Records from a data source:

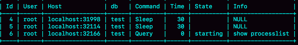 但是,怎么判断哪些是事务外空闲的呢?session C在T时刻之后的30秒执行show processlist,看到的结果是这样的。
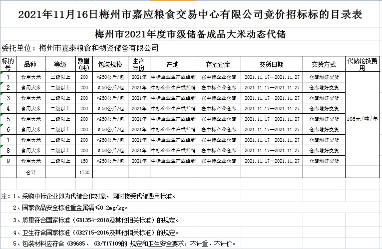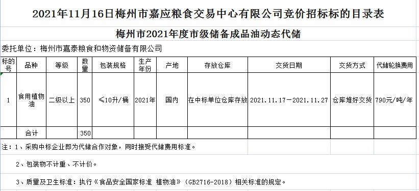 梅州市2021年度市級(jí)儲(chǔ)備成品糧油動(dòng)態(tài)代儲(chǔ)及包干輪換費(fèi)用公開招投標(biāo)公告
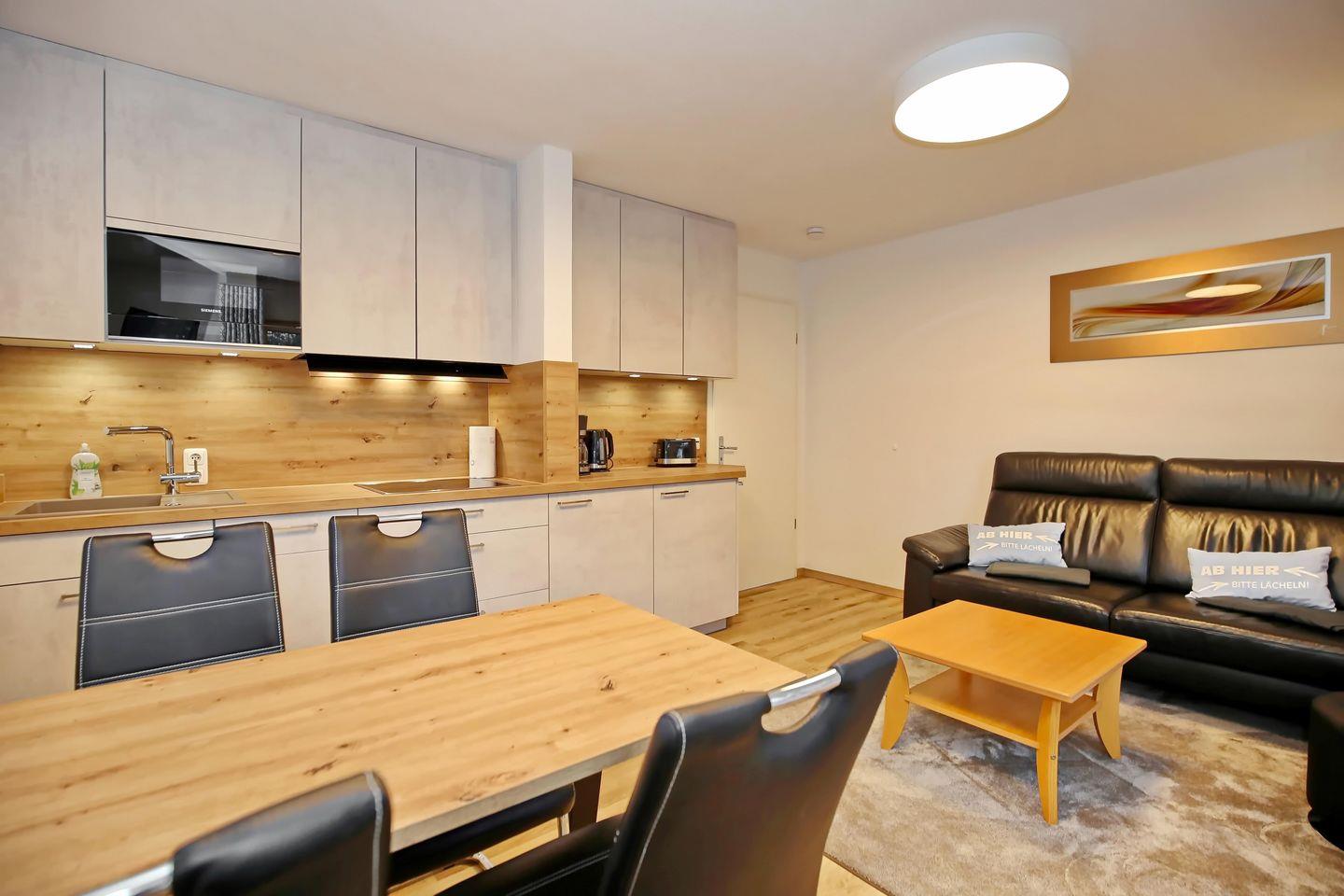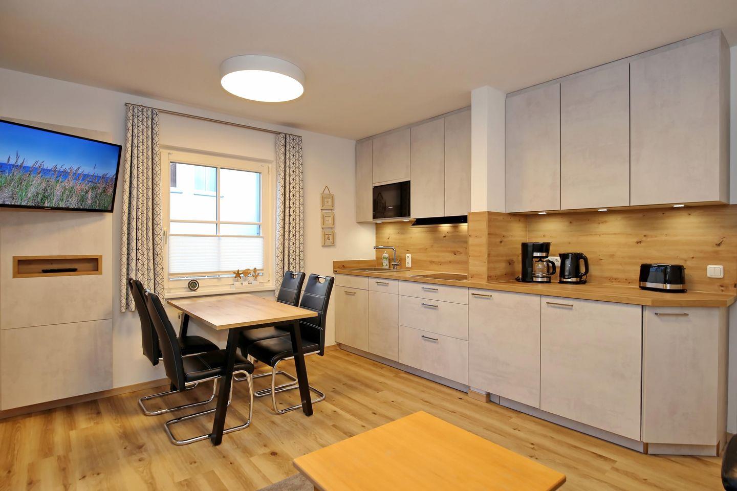 Die im Frühjahr 2024 erneuerte Küche ist mit 4-Zonen-Induktionsfeld, Geschirrspüler, Mikrowelle und Kühlschrank mit Tiefkühlfach modern in den Wohnbereich integriert. Eine Kaffeemaschine, ein Wasserkocher und ein Toaster sind selbstverständlich auch vorhanden. Am gegenüberliegenden Esstisch haben 4 Personen Platz.
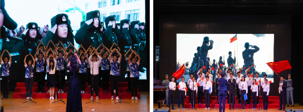 除了师生间的浓厚情谊,在激烈的比赛过程中,涌现许多精彩演出的高光时刻,如207519班手语搭配演奏的《国家》,诉说着钟情温柔的家国情怀,207524班的《我们走在大路上》和《平凡之路》,在古典与流行的交响中,颂唱着中国共产党带领下中华民族的伟大复兴之路。器乐与人声的完美配合,短剧、朗诵、舞蹈与合唱的有机融合,都让比赛现场充满了生机与活力。那飘舞的党旗,动人的歌声,庄严的气势,无一不展示着嘉士们昂扬向上的风采,表达对党百年诞辰最真挚的敬意与祝福。
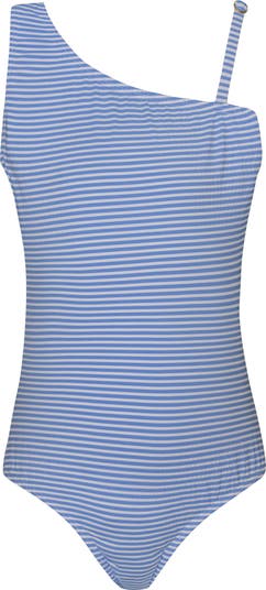 Sailor-themed stripes pattern an asymmetric one-piece swimsuit perfect for your child's next beach day.
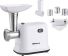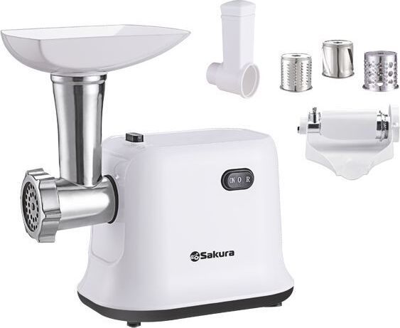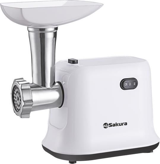 Мясорубка электрическая, 1500 Вт, функция реверс, корпус из эко-пластика, пластиковый лоток для продуктов и толкатель, металл. шнек, нож из нерж.стали, металл диск для измельчения (5 мм), отключение при перегреве.3 насадки-тёрки. соковыжималка для томатов.
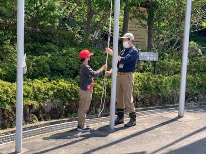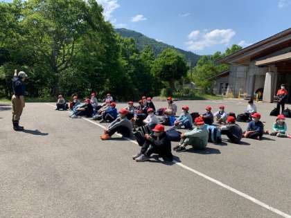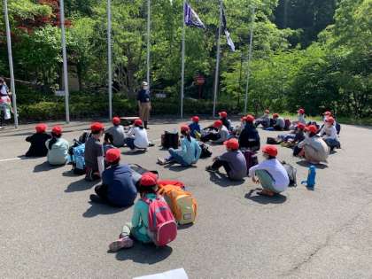 退所式をしています。楽しかった2日間が終わり,学校に帰ります。
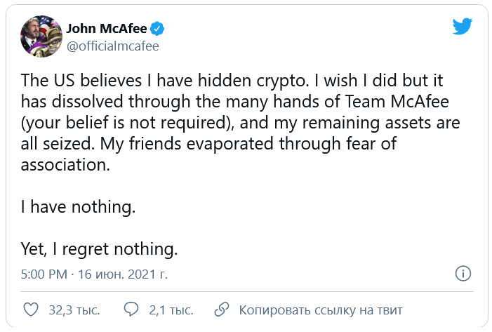 "В США считают, что я припрятал криптовалюту. Я был бы не прочь, но мои средства растворились, пройдя через многие руки в команде McAfee (вам необязательно этому верить). А все остававшиеся у меня активы арестованы. Мои друзья испарились, не желая оказаться в числе соучастников. У меня ничего нет. Но я и не жалею ни о чем".
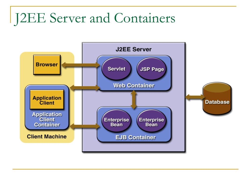 J2EE Server and Containers • J2EE server • The runtime portion of a J2EE product. A J2EE server provides EJB and Web containers. • Enterprise JavaBeans (EJB) container • Manages the execution of enterprise beans for J2EE applications. Enterprise beans and their container run on the J2EE server. • Web container • Manages the execution of JSP page and servlet components for J2EE applications. Web components and their container run on the J2EE server. • Application client container • Manages the execution of application client components. Application clients and their container run on the client. • Applet container • Manages the execution of applets. Consists of a Web browser and Java Plug-in running on the client together.
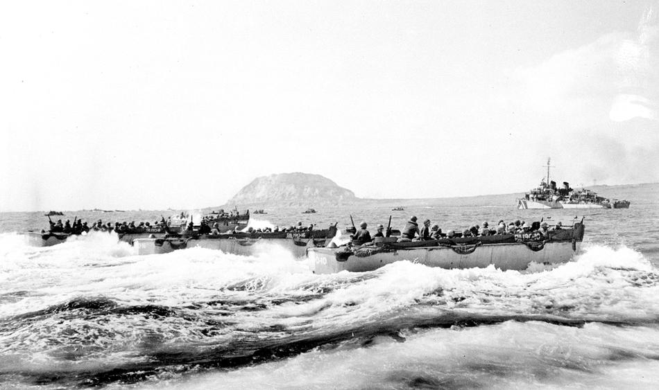 U.S. Marines aboard a landing craft head for the beaches of Iwo Jima Island, Japan, on Feb. 19, 1945 during World War II. In the background is Mount Suribachi, the extinct volcano captured by the Marines after a frontal assault. (AP Photo/Joe Rosenthal)
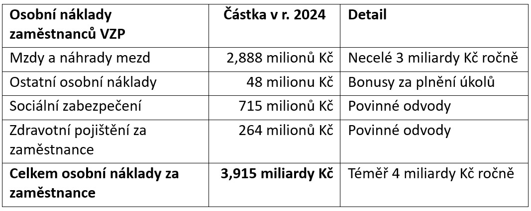 Tabulka: členění osobních nákladů zaměstnanců VZP (2024)
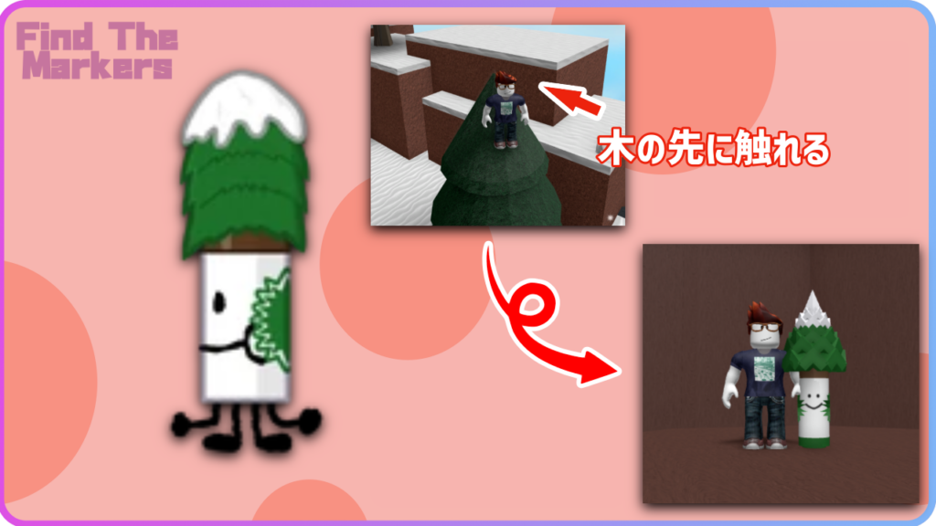 雪エリアの木の頂上に登ります。 (工場エリアに近い木の上です)木の先に触れると隠しアスレチックエリアに移動するので、その頂上にあります。
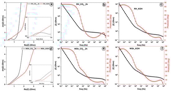 Electrochemical performance of KOH–activated and CO2–activated AC derived from rice husk and walnut shell. (a) Nyquist plot recorded in the frequency range of 100 kHz to 0.01 Hz for rice husk–based electrodes and (d) for walnut shell–based electrodes. (b,c) Bode plot for rice husk–based electrodes and (e,f) for walnut shell–based electrodes.

- [Task] Among the entries above, take the lines from the one with "Sailor-themed stripes pattern" through the one with "США считают, что" and retype them exactly, leaving out the pictures.

- [Answer to this problem]
 Sailor-themed stripes pattern an asymmetric one-piece swimsuit perfect for your child's next beach day.
 Мясорубка электрическая, 1500 Вт, функция реверс, корпус из эко-пластика, пластиковый лоток для продуктов и толкатель, металл. шнек, нож из нерж.стали, металл диск для измельчения (5 мм), отключение при перегреве.3 насадки-тёрки. соковыжималка для томатов.
 退所式をしています。楽しかった2日間が終わり,学校に帰ります。
 "В США считают, что я припрятал криптовалюту. Я был бы не прочь, но мои средства растворились, пройдя через многие руки в команде McAfee (вам необязательно этому верить). А все остававшиеся у меня активы арестованы. Мои друзья испарились, не желая оказаться в числе соучастников. У меня ничего нет. Но я и не жалею ни о чем".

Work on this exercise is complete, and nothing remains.